Passing more context to permissions and components

invenio_records_resources/services/files/service.py

@@ -52,7 +52,7 @@ def check_permission(self, identity, action_name, **kwargs):
         action_name = self.config.permission_action_prefix + action_name
         return super().check_permission(identity, action_name, **kwargs)
 
-    def _get_record(self, id_, identity, action, file_key=None):
+    def _get_record(self, id_, identity, action, file_key=None, **kwargs):
         """Get the associated record.
 
         If a ``file_key`` is specified and the record in question doesn't have a file
@@ -61,7 +61,9 @@ def _get_record(self, id_, identity, action, file_key=None):
         # FIXME: Remove "registered_only=False" since it breaks access to an
         # unpublished record.
         record = self.record_cls.pid.resolve(id_, registered_only=False)
-        self.require_permission(identity, action, record=record, file_key=file_key)

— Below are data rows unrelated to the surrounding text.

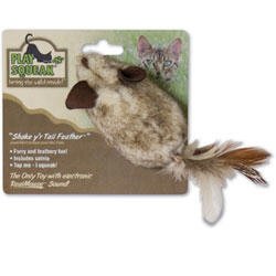 An ounce of mouse equals a ton of pounce. Play-n-Squeak Shake y'r Tail Feather catnip mouse comes fully equipped with electronic "real mouse" sound, and as always, includes catnip.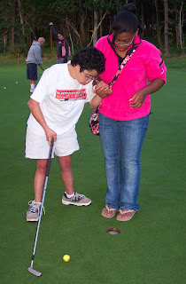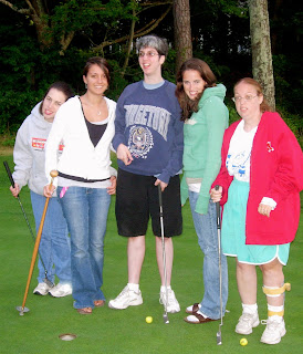 And finally the girls finish their golf course, I bet it was fun, but there are some of us still waiting in line to try and polish our game.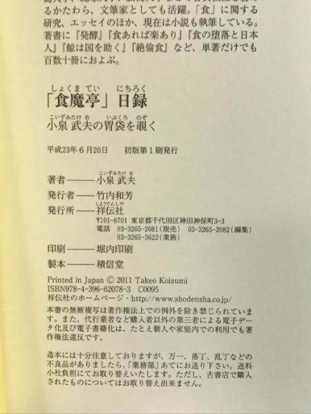 「食魔亭」日録 小泉武夫の胃袋を覗く 祥伝社 小泉武夫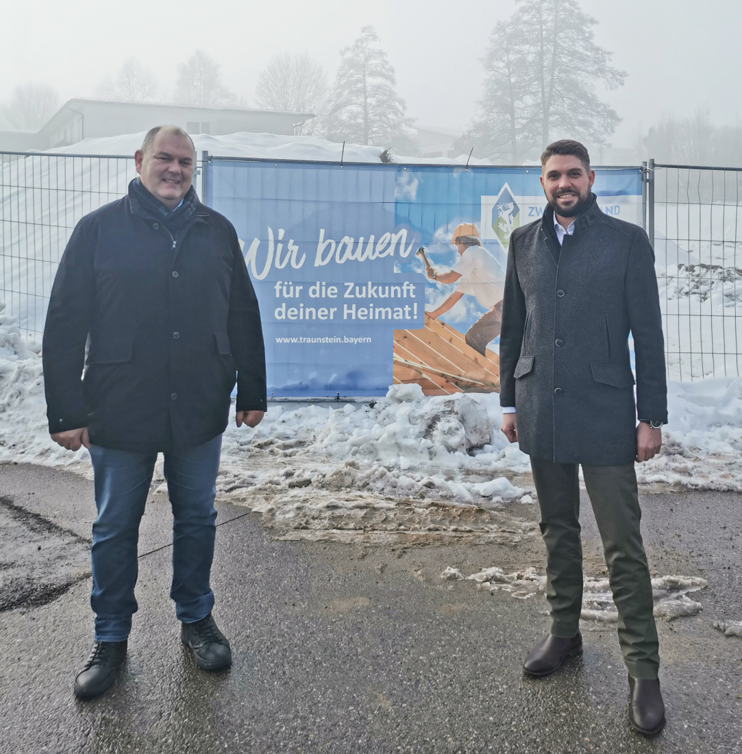 Landrat Siegfried Walch und Betriebsratsvorsitzender des Klinikums Traunstein, Thomas Nicolai, an der Baustelle der Personalwohnungen in Traunstein © Landratsamt Traunstein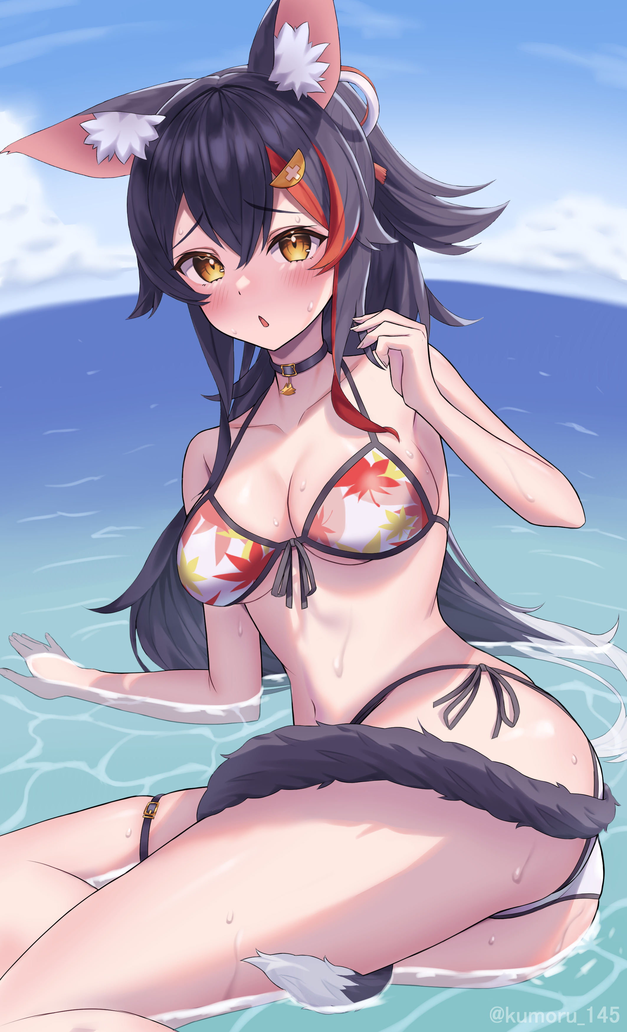 :o1girlanimal ear fluffanimal earsbeachblack hairblack tailblushbreastshair between eyeshair ornamentleaf printlong hairmaple leaf printmedium breastsmulticolored hairnaveloceanopen mouthred hairsolostomachstreaked hairvirtual youtuberwaterwolf earswolf girlyellow eyes

+        self.require_permission(
+            identity, action, record=record, file_key=file_key, **kwargs
+        )
 
         if file_key and file_key not in record.files:
             raise FileKeyNotFoundError(id_, file_key)
@@ -71,9 +73,9 @@ def _get_record(self, id_, identity, action, file_key=None):
     #
     # High-level API
     #
-    def list_files(self, identity, id_):
+    def list_files(self, identity, id_, **kwargs):
         """List the files of a record."""
-        record = self._get_record(id_, identity, "read_files")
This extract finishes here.